Data items
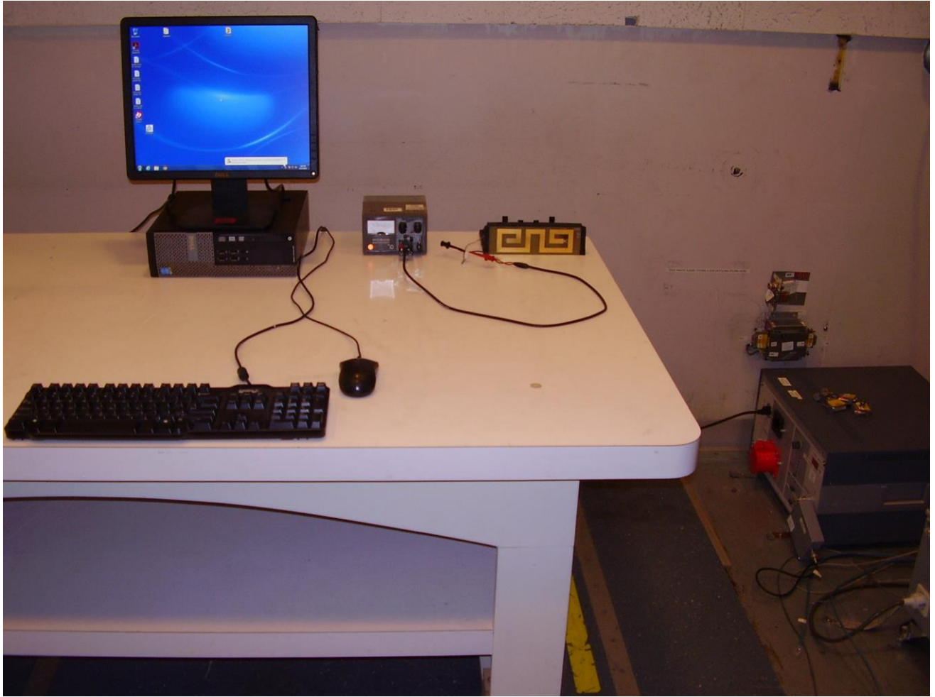
Test configuration for transmitter AC conducted emissions.
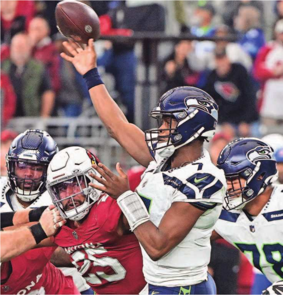
Seattle Seahawks quarterback Geno Smith (7) throws during a Jan. 7 game against the Arizona Cardinals in Glendale, Ariz.
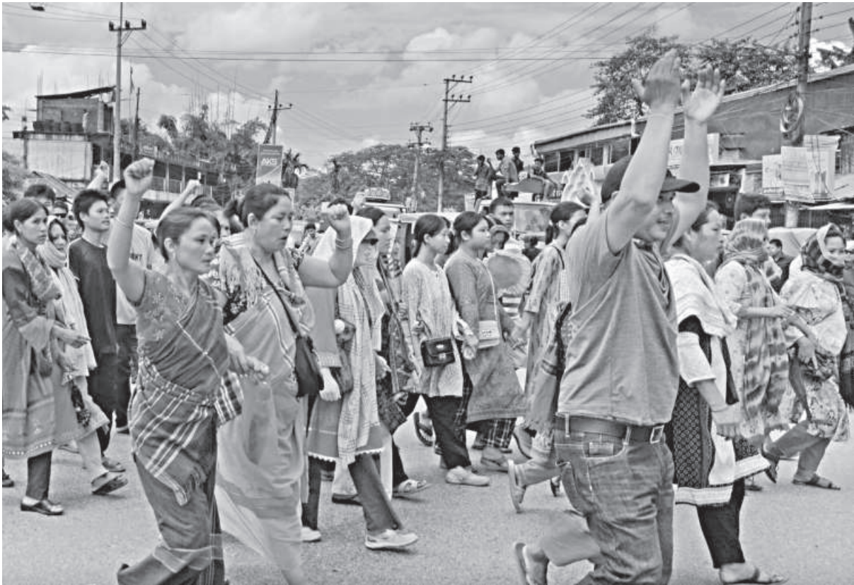
Hundreds of students and indigenous community members hold a mass rally in Khagrachhari yesterday, protesting the rape and ongoing violence against women in the Chittagong Hill Tracts.
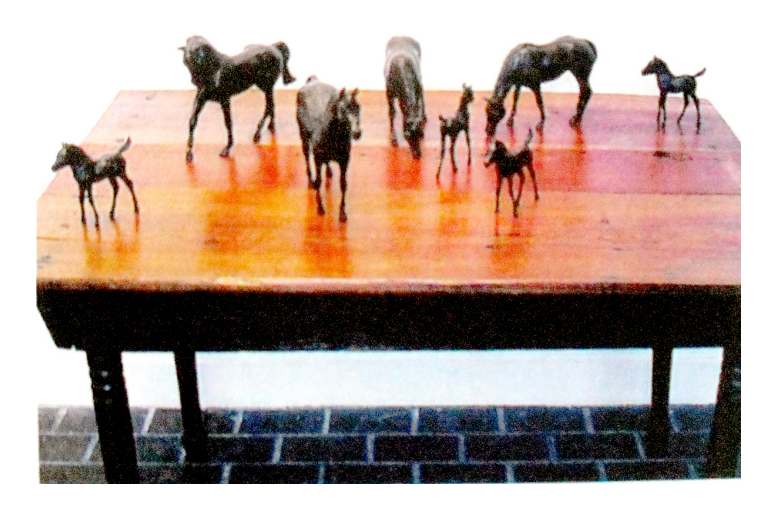
The Domain of Perfect Affection, 1999. Wax and pine table, 40 \times 48 \times 30 in.

PC: The learning curve is high. A very good carver from Russia taught me as we went along. Each carver has his or her own specialty: roughing out, undercutting, decorative details, or polishing. I got a fast education.
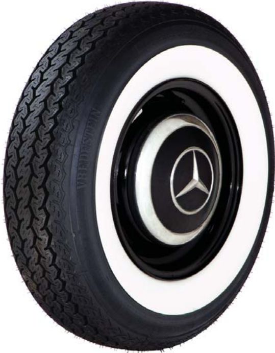
Early Mercedes' were equipped with a 65mm - 2 5 / 8 " white wall.

Brand: Vredestein Sprint Classic Built in Europe for European Cars
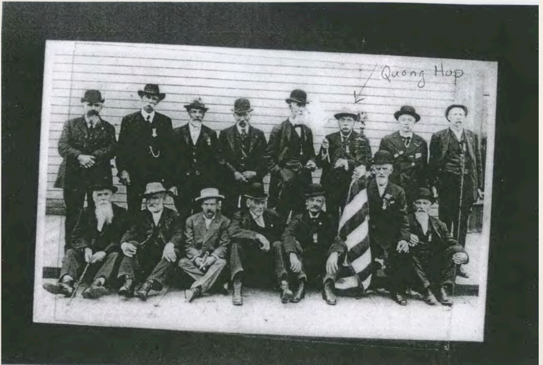
* Veterans of the Indian Wars
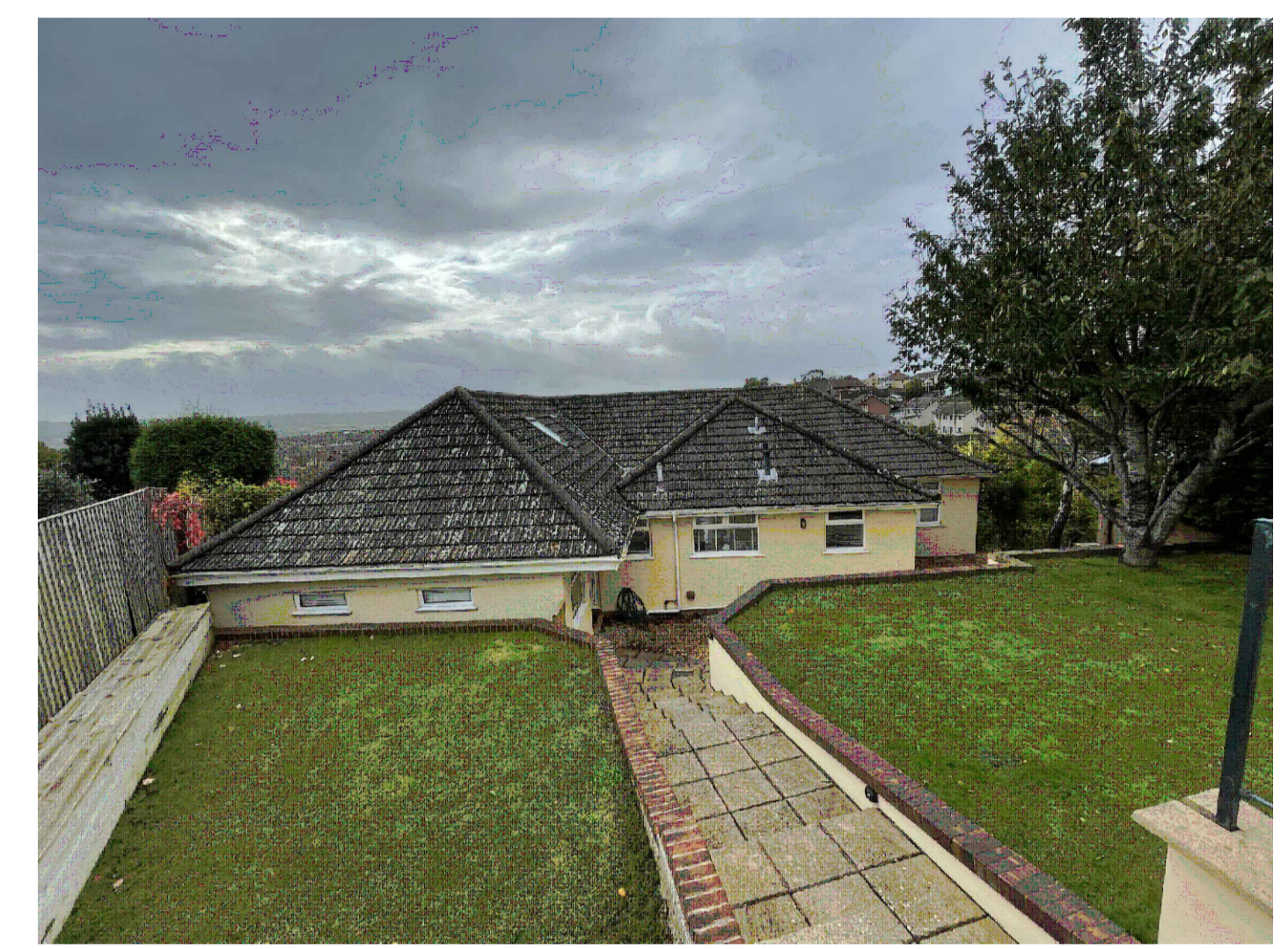
West Elevation (NTS) (Unaffected by proposals)
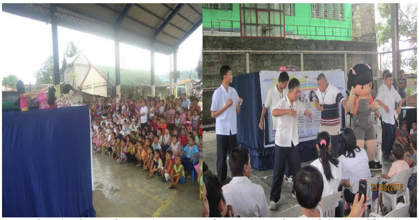
Lupang Pangako, Payatas Puppet Show
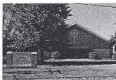
St. Thomas More
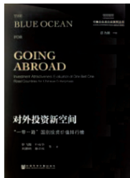
The Blue Ocean: Going Abroad

This book is one of the monograph series of the Grandview Institution - Chinese enterprises going abroad. It also takes into account global standards and Chinese factors to systematically rank the investment value of countries along the Belt and Road. Its research data was cited by CCTV’s “News Broadcast” in the “Counting the Belt and Road” section.
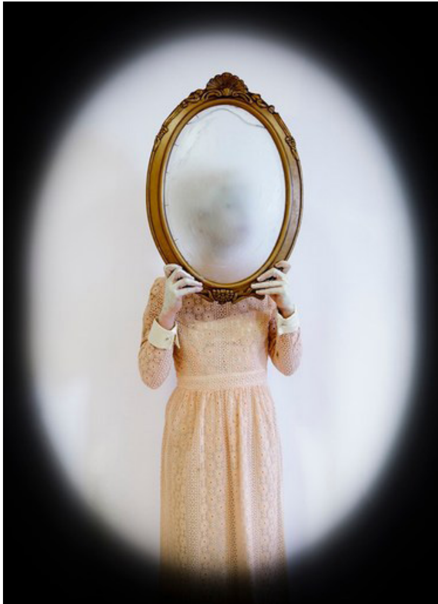
Danielle Julian Norton, Everything is Fine 12, 2013, pigment print and oval frame 1/5, 24 x 18 in (61 x 45.7 cm)
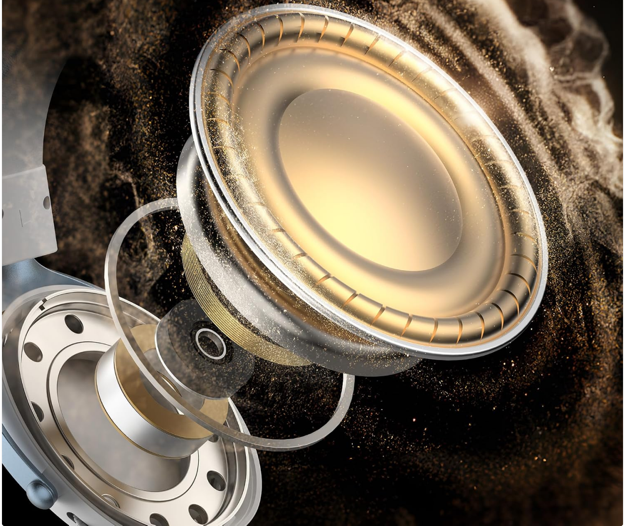
Figure 8.1: The Monster Mission 350 headset is equipped with a 55mm dynamic driver, engineered to deliver clear and powerful audio performance for gaming and multimedia.
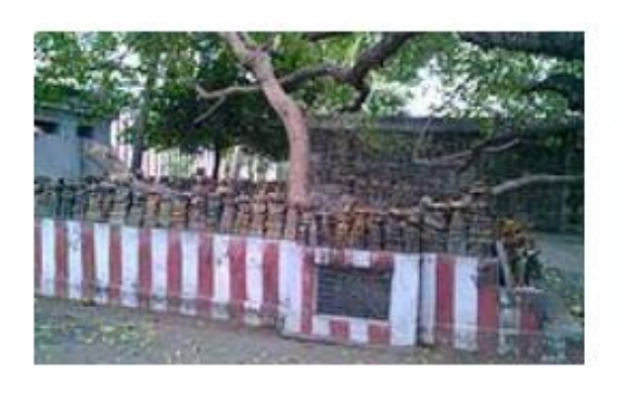
ashwattha tree with snake idols

performed a sacrifice here seeking a boon from the perumAL for a male child and got four sons with Rama being the eldest after he gave the milk pudding to his three wives. In view of such a belief, childless couples visit here, take a bath in the sea, establish a snake idol under the ashvattha tree, worship the lord and consume the milk pudding hoping they would get progeny. It is believed that Rama came here and waited for three days after praying to the ocean god VaruNa to calm the seas to facilitate building a bridge across the sea. During the three days he slept on a bed of grass thereby causing the name dharbashayanam. After building the bridge Rama worshiped the perumAL and the perumAL gave a divine bow to Rama with which he fought and killed RAvaNa. This shrine also has gained the moniker "saraNAgathi kshEtram" (sanctuary) as a result of the belief that Rama gave refuge to VibheeshaNa at this place. In addition, he gave refuge to two of Ravana's agents who came to spy on the strength of Rama's monkey brigade and who later sought refuge. In the shayanarAma sanctum there are images of VibheeshaNa, the two spies, VaruNa and VaruNi too.
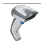
BCR CtrlC Barcode scanner
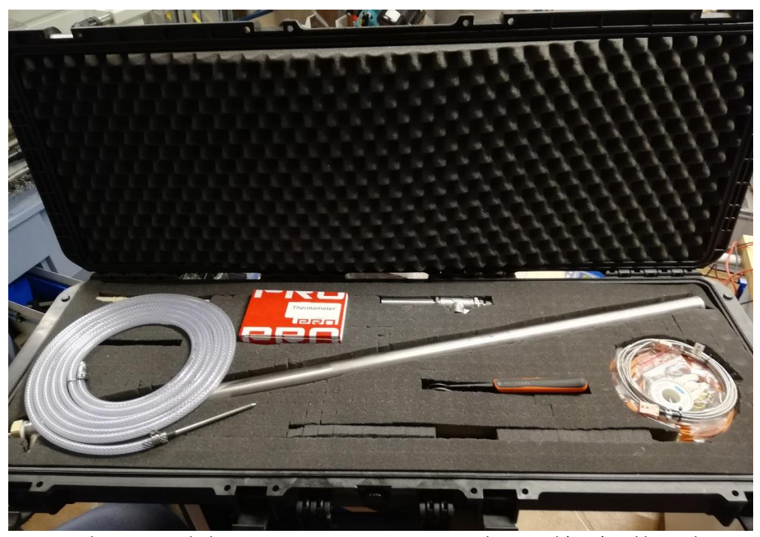
Figure 1 Case with water-cooled suction pyrometer, injector stainless steel (316), calibrated thermometer, type R thermocouple (max. 1500°C), type N thermocouple (max. 1250°C, but works up to 1300°C with reduced life time), ceramic shields and tools.
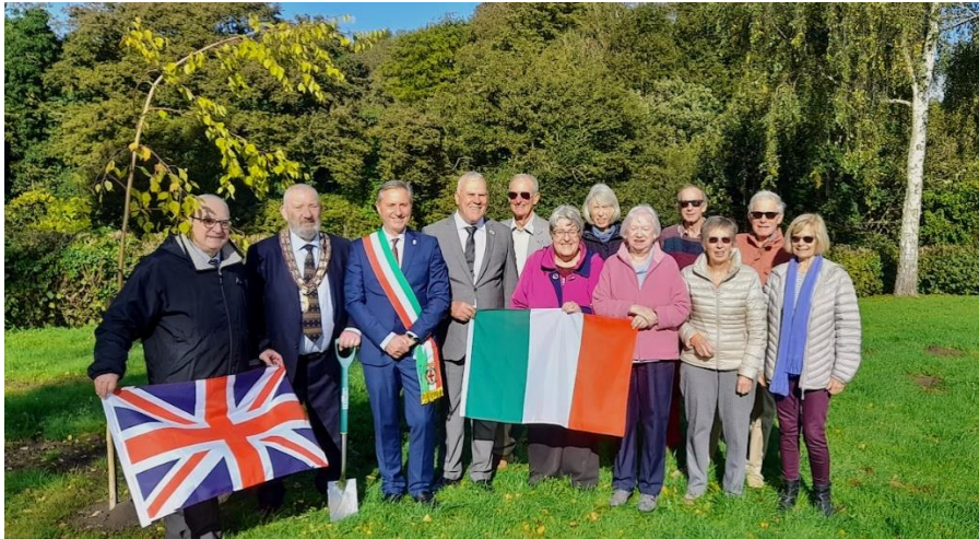
Planting of the "Silver Anniversary Tree" at Jubilee Fields

October 2023 saw the 25 th or Silver Anniversary of our twinning with Montecchio Maggiore. To mark the occasion, we were pleased to welcome a small delegation from Montecchio who arrived here on 12 th October – the first time we had met since the pandemic.

> **ASSIGNMENT**
Each line in the data where the string "This" occurs should be identified and copied.

> **EXERCISE RESPONSE**
This book is one of the monograph series of the Grandview Institution - Chinese enterprises going abroad. It also takes into account global standards and Chinese factors to systematically rank the investment value of countries along the Belt and Road. Its research data was cited by CCTV’s “News Broadcast” in the “Counting the Belt and Road” section.
performed a sacrifice here seeking a boon from the perumAL for a male child and got four sons with Rama being the eldest after he gave the milk pudding to his three wives. In view of such a belief, childless couples visit here, take a bath in the sea, establish a snake idol under the ashvattha tree, worship the lord and consume the milk pudding hoping they would get progeny. It is believed that Rama came here and waited for three days after praying to the ocean god VaruNa to calm the seas to facilitate building a bridge across the sea. During the three days he slept on a bed of grass thereby causing the name dharbashayanam. After building the bridge Rama worshiped the perumAL and the perumAL gave a divine bow to Rama with which he fought and killed RAvaNa. This shrine also has gained the moniker "saraNAgathi kshEtram" (sanctuary) as a result of the belief that Rama gave refuge to VibheeshaNa at this place. In addition, he gave refuge to two of Ravana's agents who came to spy on the strength of Rama's monkey brigade and who later sought refuge. In the shayanarAma sanctum there are images of VibheeshaNa, the two spies, VaruNa and VaruNi too.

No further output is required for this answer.